Kerusakan itu ada pada sistem perekonomian dunia yang dibangun berdasar kapitalisme. Chapra kemudian mengajukan sejumlah ciri kapitalisme:
1) Kapitalisme menganggap bahwa hal utama dalam peningkatan kesejahteraan manusia ditentukan oleh (a) ekspansi kekayaan yang dipercepat, (b) produksi yang maksimal,. (c) pemenuhan keinginan (want) menurut pereferensi individual.
2) Kebebasan individual (yang tak terhambat) dalam mengaktualisasikan kepentingan diri dan kepemilikan atas kekayaan menjadi syarat bagi munculnya inisiatif pelaku ekonomi
3) Syarat mewujudkan efisiensi optimum dalam alokasi sumber daya adalah Inisiatif individu yang bebas dan Pembuatan keputusan yang tersebar dalam suatu pasar
4) Peran Pemerintah atau penilaian kolektif tidak diperlukan dalam efisiensi alokasi sumber dana dan pemerataan distributive
5) Melayani kepentingan diri sendiri (Self interest) oleh setiap individu secara otomatis dapat melayani kepentingan sosial kolektif. (Chapra, 1995: 18)

KONSEP-KONSEP EKONOMI KONVENSIONAL YANG GAGAL
1. Manusia Ekonomi Rasional
Salah satu faktor yang meyebabkan kehancuran kapitalisme adalah greediness (ketamakan) dari orang – orang kaya. Sebagai contoh, jika anda punya uang 1 milyar. Karena dalam sistem ekonomi kapitalis terdapat bunga, maka apa yang akan anda pilih? Pertama buka warung atau yang kedua disimpan saja di bank, karena pada saat jatuh tempo akan medapat bunga. Anda tidak perlu bekerja, mengeluarkan keringat dan anda dapat uang.
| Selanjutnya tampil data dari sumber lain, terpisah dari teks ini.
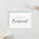 Peça aos amigos e à família para fazerem parte da vossa festa de casamento com esta carta feminina e moderna "Você será a minha dama de honra?". Apresenta uma alface escura do carvão aquoso com alface e uma casa de menta colorida para trás. Personalizar pelo nome e mensagem do destinatário.
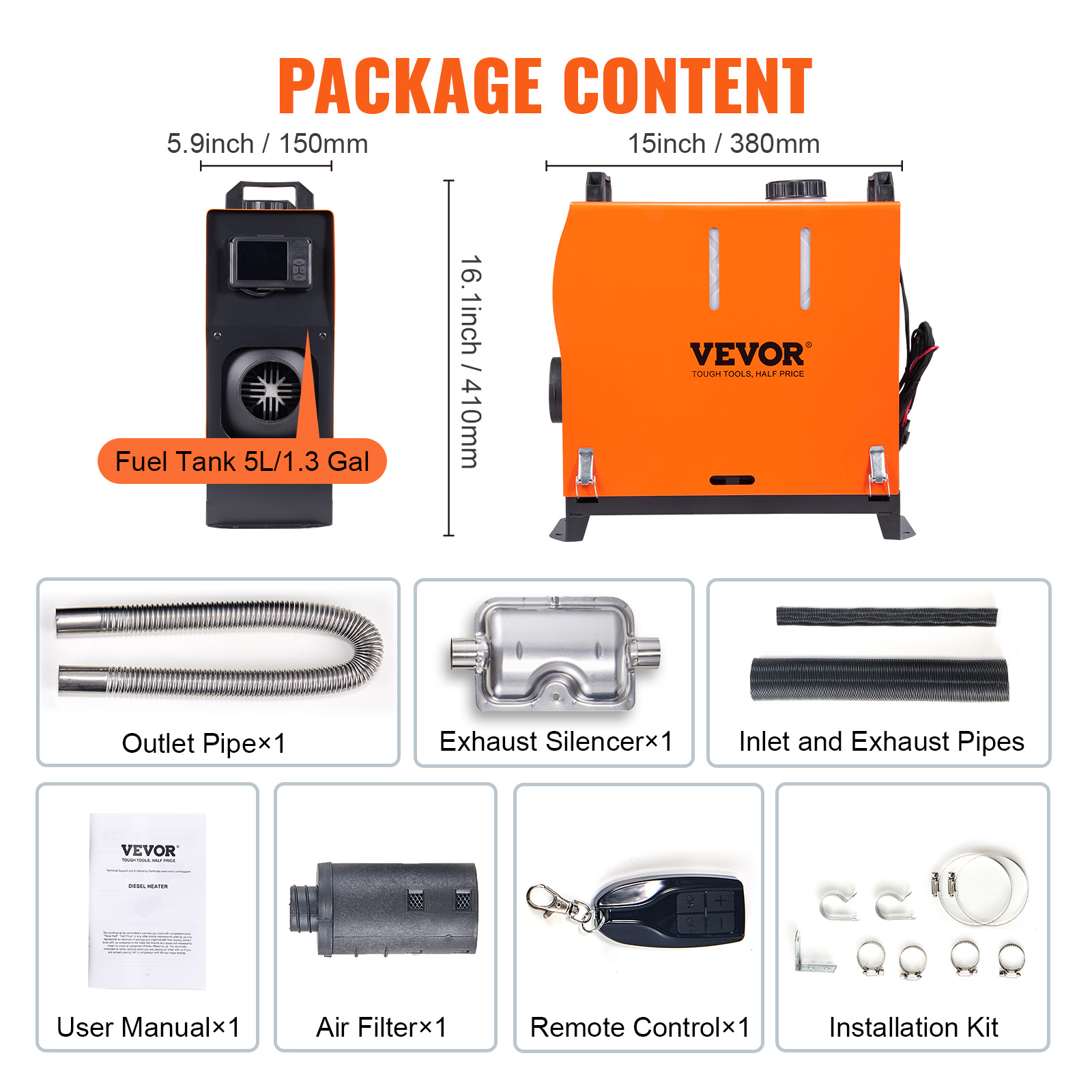 VEVOR dieselluftvarmeren er ideel til en solid og enkel transportabel varmeovn. Det er fantastisk til at holde varmen i din bil, båd eller hytte eller mens du camperer udenfor. Denne varmelegeme bruger dieselolie, som er let tilgængeligt. Der er ikke behov for nogen speciel opsætning til denne varmelegeme. Du skal blot pakke den ud, tilslutte den, og den vil straks give varme.

Jika semua orang berpikir rasional, maka orang-orang yang punya 1 milyar akan meletakkan uangnya di bank. Maka siapa yang akan memproduksi barang? Akhirnya barang menjadi sedikit, dan ketika barang menjadi langka, harga akan meningkat. Jika harga tinggi maka yang dapat membeli hanya orang-orang yang memiliki kekayaan lebih.
Rasionalisme modern telah menghilangkan sebab final dan hanya bertumpu pada kausa efisien, material dan formal saja. Kertas yang kering (causa material 1) dan api panas yang mencukupi (kausa material 2) ketika berdekatan dan tak ada factor yang menghalanginya (kausa formal) akan membuat kertas itu terbakar; maka dekatkan (kausa efisien) saja api pada kertas niscaya kertas akan terbakar. Inilah rasional, jika begini maka begitu secara otomatis, sebagaimana jika ada aksi maka ada reaksi secara otomatis.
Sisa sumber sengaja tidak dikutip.